Pure phosgene gas (COCl2,), 3.30 x 10-2 mol, was placed in a 1.50-L container. It was heated to 800K, and at equilibrium the pressure of CO was found to be 0.497 atm. Calculate the equilibrium constant, Kp, for the reaction: CO(g) Cl2(g) COCl2(g)

Answer 1

Answer : The value of equilibrium constant
`K_p` for the reaction is, 3.82

Explanation :

First we have to calculate the pressure of phosgene gas.

Using ideal gas equation:

`PV=nRT`

where,

P = Pressure of phosgene gas = ?

V = Volume of phosgene gas = 1.50 L

n = number of moles phosgene =
`3.30* 10^(-2)mol`

R = Gas constant =
`0.0821L.atm/mol.K`

T = Temperature of phosgene gas = 800 K

Putting values in above equation, we get:

`P* 1.50L=3.30* 10^(-2)mol* (0.0821L.atm/mol.K)* 800K`

`P=1.44atm`

Now we have to calculate the value of equilibrium constant.

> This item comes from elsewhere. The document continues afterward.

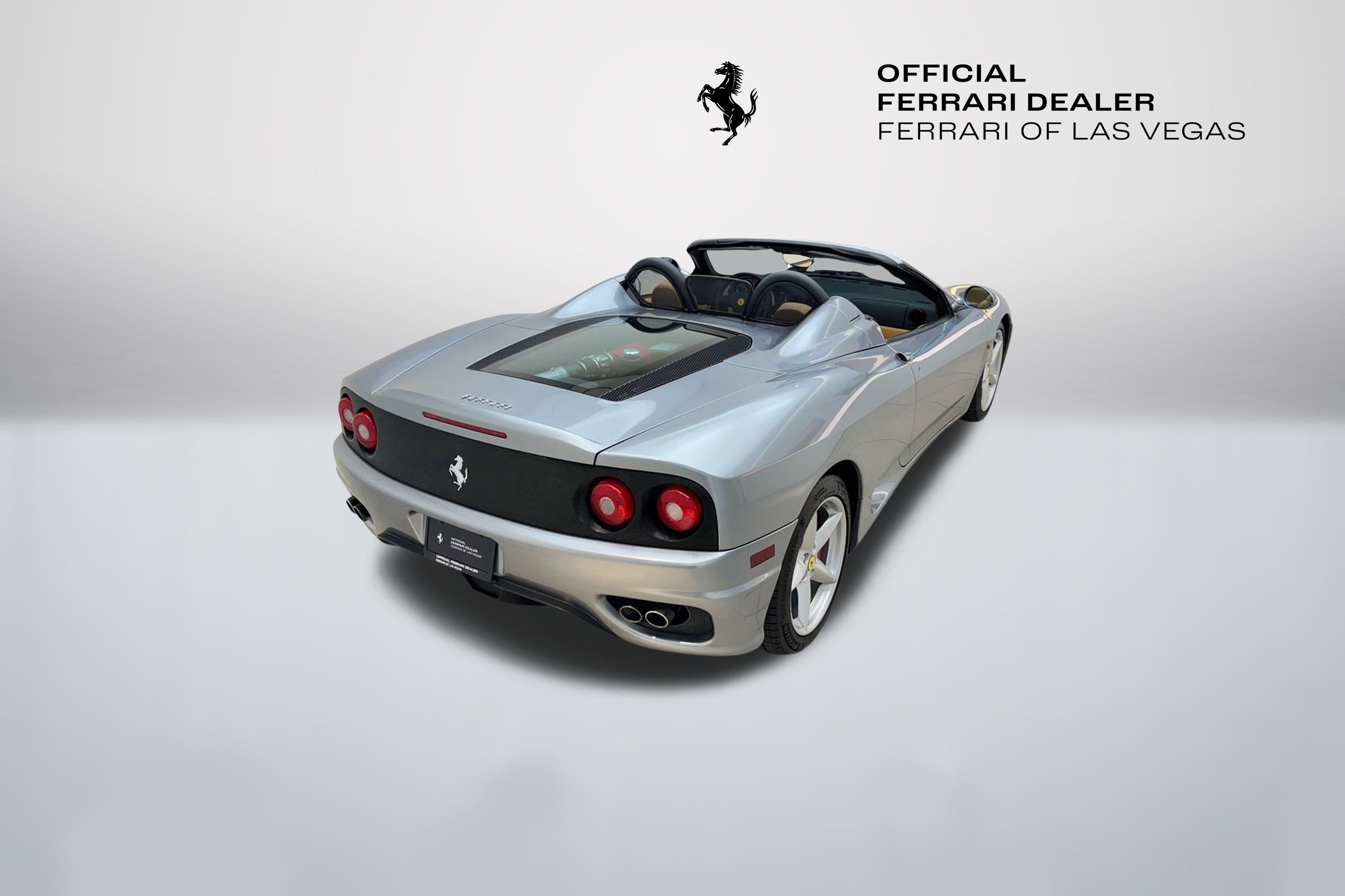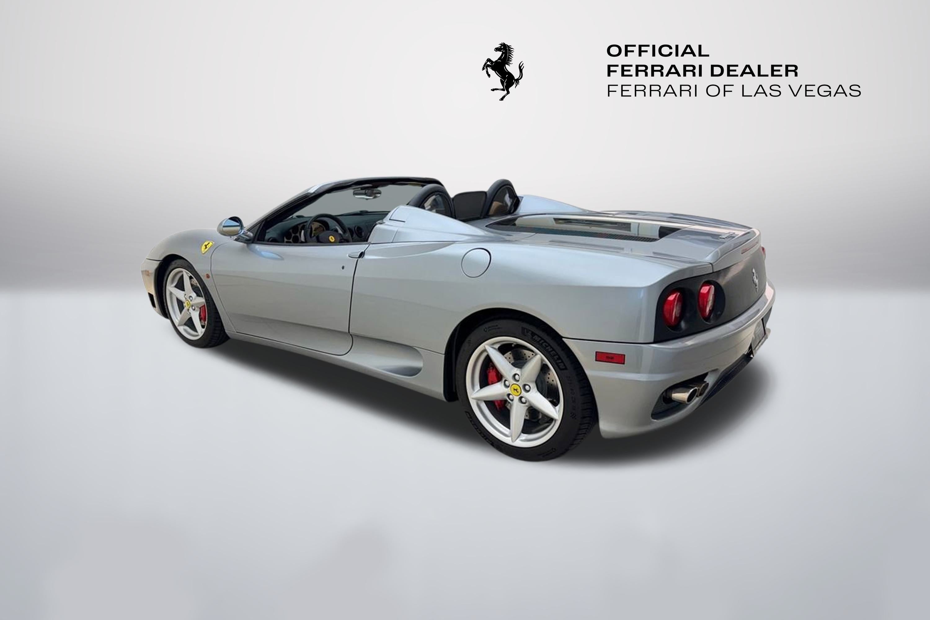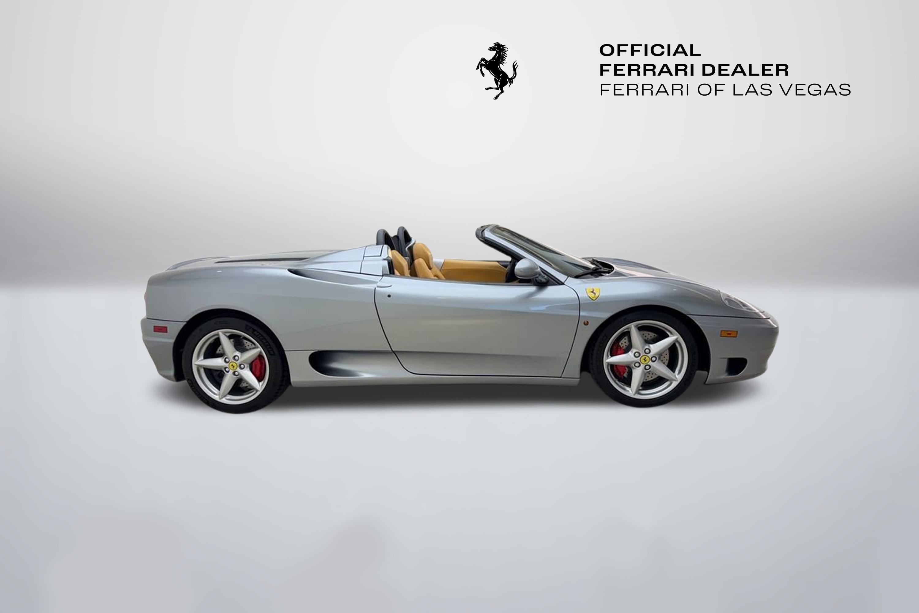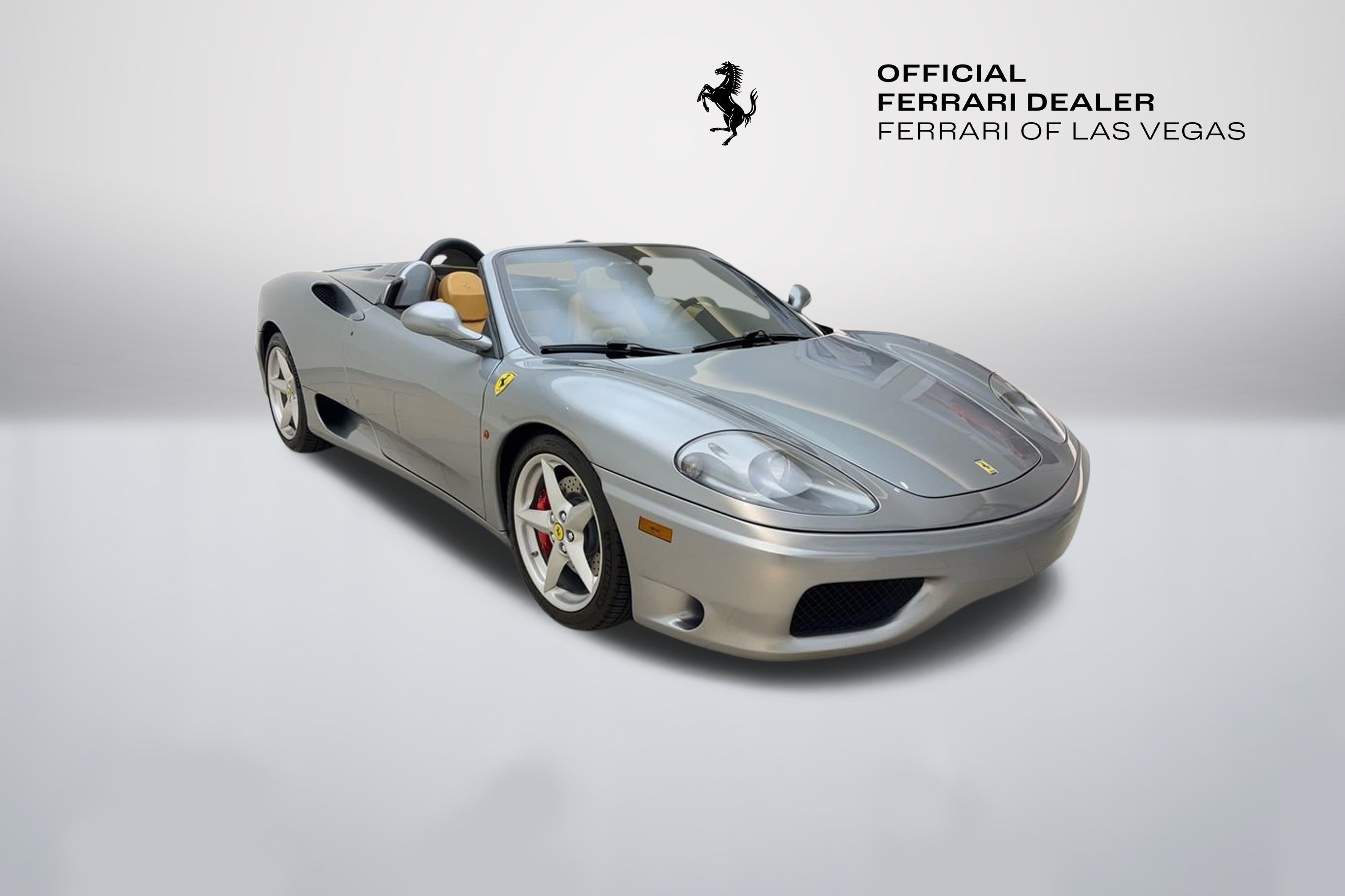 Authorized Dealer! Ferrari Of Las Vegas is pleased to offer this exceptionally clean 360 Modena Spider we recently picked up on trade! Fully serviced and ready to go buy with confidence from Nevada's only authorized Ferrari dealer! Authorized Dealer! Fresh Service Clean Carfax No Accident Vehicle Grigio Titanio Exterior Beige Interior Scuderia Ferrari Shields $1188 Red Brake Calipers $715 Daytona Style Seating $2203 Electrically Operated Seats $1998 6 CD Changer $1086 Battery Charger Pre-Wire $807 Colored Upper Dashboard $666 Rear Challenge Grill $623 Front Challenge Style Grill $527 Sat Navigation $2256 Roll Bar Upholstery Color $355 Leather Rear Shelf $1752 Hi Power Hi Fi $1612 Fresh Service! Buy with confidence from Nevada's only authorized Ferrari dealer, Ferrari of Las Vegas. We hand-select only the best with every car receiving an extensive reconditioning process to ensure that only the finest examples are offered for sale. Ferrari of Las Vegas does not reserve, or hold advertised vehicles. All cars in inventory are subject to sale on a first come first serve basis. We reserve the right to revise price, equipment, mileage, and certification status as a result of changing market conditions, manufacturer/distributor notices including recall notices, or errors. All vehicle pricing expires upon close of business the same day. Call 702-932-7100
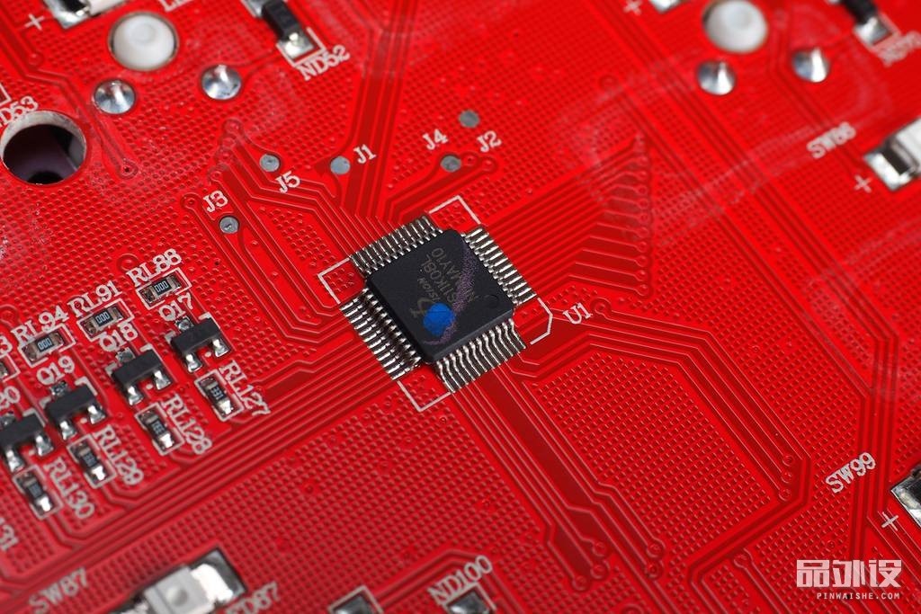 宜博K751机械键采用红色的PCB板,非常醒目,板面比较整洁。

The balanced equilibrium reaction is:

`CO(g)+Cl_2(g)\rightleftharpoons COCl_2(g)`

Initial pressure 0 0 1.44

At eqm. P P (1.44-P)

The expression of equilibrium constant
`K_p` for the reaction will be:

`K_p=((p_(COCl_2)))/((p_(CO))* (p_(Cl_2)))`

As we are given that:

`p_(CO)=0.497atm`

That means, P = 0.497 atm

`K_p=((1.44-P))/((P)* (P))`

Now put all the values in this expression, we get :

`K_p=((1.44-0.497))/((0.497)* (0.497))`

`K_p=3.82`

Thus, the value of equilibrium constant
`K_p` for the reaction is, 3.82